Thirumalai-Shaktivel · 2024-10-20T11:02:31Z

Two issues to fix in this PR,

Initialize the target with zero: https://github.com/llvm/llvm-project/pull/113082/files#diff-9fd96de2e44f679d43e7a59e7371b6a40c2731d496469c78ede4c6e960c53715R381-R383
Fix Ivan's test failures.

Thirumalai-Shaktivel · 2024-10-20T11:04:10Z

Kindly share your thoughts on this idea.

ivanradanov · 2024-10-20T15:10:02Z

I think there are two main approaches possible here, and they can coexist:

Have alternative intrinsic implementations in their own runtime library

e.g. the version of assignment for the workshare construct will be something like this

workshare_Assign(a, b) {
  #pragma omp for
  for i from 0 to size
    a[i] = b[i]
}

And then for the supported subset the lowering of the array intrinsic becomes not

omp.parallel {
  omp.single {
    call Assign()
  }
}

but

omp.parallel {
  call workshare_Assign()
}

(It can also be implemented as a flag to the runtime function telling it which version it should use and not a different rt func)

Hopefully using this approach would allow us to share some code between the current intrinsic runtime implementations (which do not assume an omp context) and these ones.

I think this approach may be more flexible and allow for better optimizations like offloading to BLAS libraries or having an optimized code path behind an aliasing check. (These are possible in the second approach but more cumbersome?)

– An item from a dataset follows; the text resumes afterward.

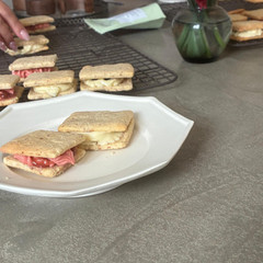 バターサンドレッスンに参加しました。いつも思うのですが、「作る」という概念がそもそもないものを自分で作れる、これもそのひとつです。生地は米粉。クリームの種類が酒粕とイチゴって聞くと、絶対イチゴ!と思っていたのですが、食べたあとは、どちらも本当においしかったのですが、酒粕の方が若干優勢になりました。アレンジもできるとのことで、いろいろ作ってみたいと思います。今回も、ありがとうございました。

Caveat: I am not sure if mixing omp parallel from fortran and omp for from C/C++ actually works.

Code gen the intrinsics at the IR level

Which is what this approach would be. My concern with this is that it may be quite a lot of effort, but perhaps it has some benefits in that we should have better support of intrinsics on GPU targets where the current runtime does not compile as is?

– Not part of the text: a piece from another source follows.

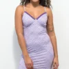 The Groovy Baby mini dress from Your Highness has a unique red, pink, and white tie dye treatment with a screen-printed floral brand script on the chest. This Your Highness sleeveless dress is made of soft, breathable cotton, and has a loose, flowy fit with a scoop neckline, fixed shoulder straps, and lettuce hem detailing throughout.

Maybe looking for some discussion on this when the approach with using a runtime library for the intrinsic implementation was decided could be useful, if it exists.

tblah

I don't have a strong opinion about whether this should be done in flang codegen or in a runtime library. Some drive-by thoughts:

I imagine that using a C omp for inside of a fortran omp parallel should work so long as they use the same openmp library. Of course care will need to be taken about privatisation etc but that can probably be handled in the interface of the runtime function.
The above requirement basically breaks allowing users to pick their own openmp library when compiling their application. I'm not sure how widely used this is.
This is already hard to read/review and SUM is a very simple case. I think there is a danger in re-inventing the wheel here. Something like a high quality parallelised MATMUL which is useful on both CPU and GPU sounds hard. There is a lot of work in that direction in "upstream" MLIR dialects. I know flang (for historical reasons) doesn't use linalg, affine, etc but we might have to eventually.
If we decide not to re-use upstream mlir work, I think more complex intrinsics could get quite hard to review in this style. A C++ runtime library implementation would be easier to read and maintain
Having it in a runtime library would make it easier for vendors to swap out their own implementations e.g. maybe somebody already has a great MATMUL for AMD GPUs and wants flang to use that, but the implementation is useless on a CPU

Overall I don't know what the right approach is. Maybe we should do both as Ivan said. I think if we do decide to implement several intrinsics this way, it should go in its own pass because the code could quickly become very long.

tblah · 2024-10-23T11:23:19Z

flang/lib/Optimizer/OpenMP/LowerWorkshare.cpp

+          fir::SequenceType arrayTy = dyn_cast<fir::SequenceType>(
+              hlfir::getFortranElementOrSequenceType(array.getType()));
+          llvm::ArrayRef<int64_t> arrayShape = arrayTy.getShape();
+          if (arrayShape.size() == 1 && !dim) {


I think you also need to check that the element type is floating point.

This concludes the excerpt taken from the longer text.